Skinny Hobos: The Lucifer EP

Reviewed by Kerry Monaghan

Skinny Hobos: The Lucifer EP

Just 10 months after releasing their self-titled debut album, dynamic Auckland two-piece Skinny Hobos are back with another slab of in-your-face rock gems in the form of a six-track EP branded ‘The Lucifer’.

The seemingly purposeful anti-climactic intro, Noit Cud Ortni, is perhaps a nod to the duo’s tongue in cheek sense of humour, the rest of the EP in contrast showing off a well-known infectious blues-rock sound and lyrical creativity.

The production quality with this release is again perfect, capturing that impossibly loud sound of Alex (Elvis) Ferrier’s planet-shifting guitar solos and Sam (Texas) Holdom’s hard-hitting sticks. Together, their harmonising vocals blend seamlessly every time. They know how to entertain, live and on record and it sounds like they’re having a blast doing so.

In these new tracks weren’t quite enough, they save the best for last in the form of a cover of Led Zeppelin’s Immigrant Song, a classic that has taken on a life of its own since the original release in the 1970s, and been covered by just about every rock act.

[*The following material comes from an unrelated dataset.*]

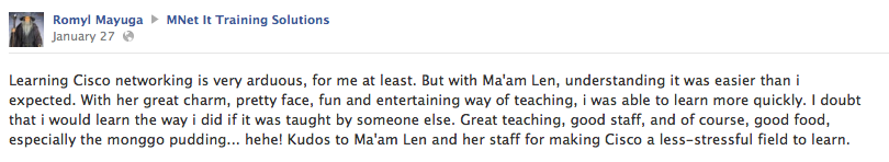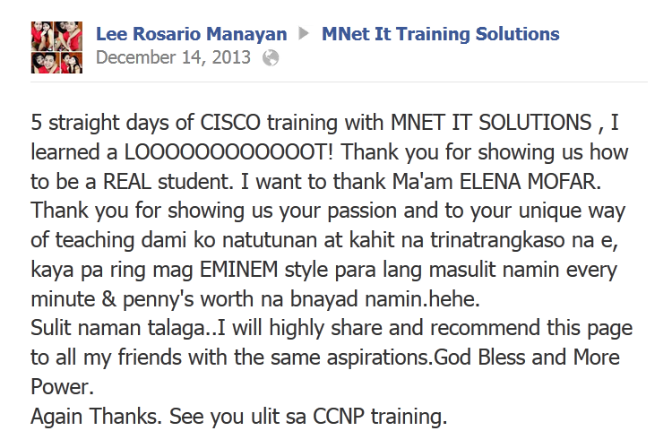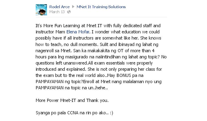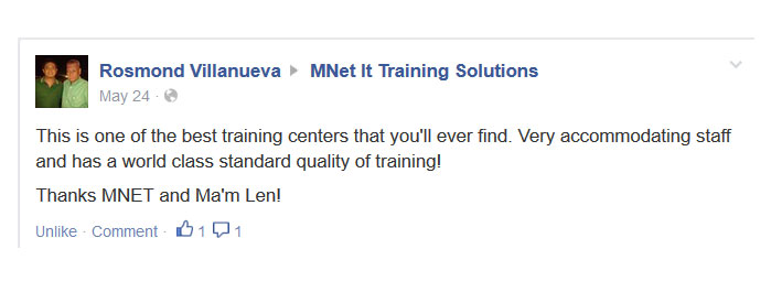 You can view our innumerable feedbacks from our previous students, you can search around the internet for previous student comments about the training that we offer, you can join different forums and ask about us. We don't claim we're the best, our previous students will say it about us.

Thankfully, Skinny Hobos are a perfect fit for what could be considered a tricky song for any normal-numbered band to pull off. The duo executes it well enough that the integrity of the song remains and the distinct points of difference that separates it from being a ‘karaoke classic’ are evident.

Alex’s wailing riff solo is incendiary and what more could anyone ask of a drummer able to match that level of power and finesse as Bonham once did. This is a cover that won’t leave anyone running Over the Hills and Far Away.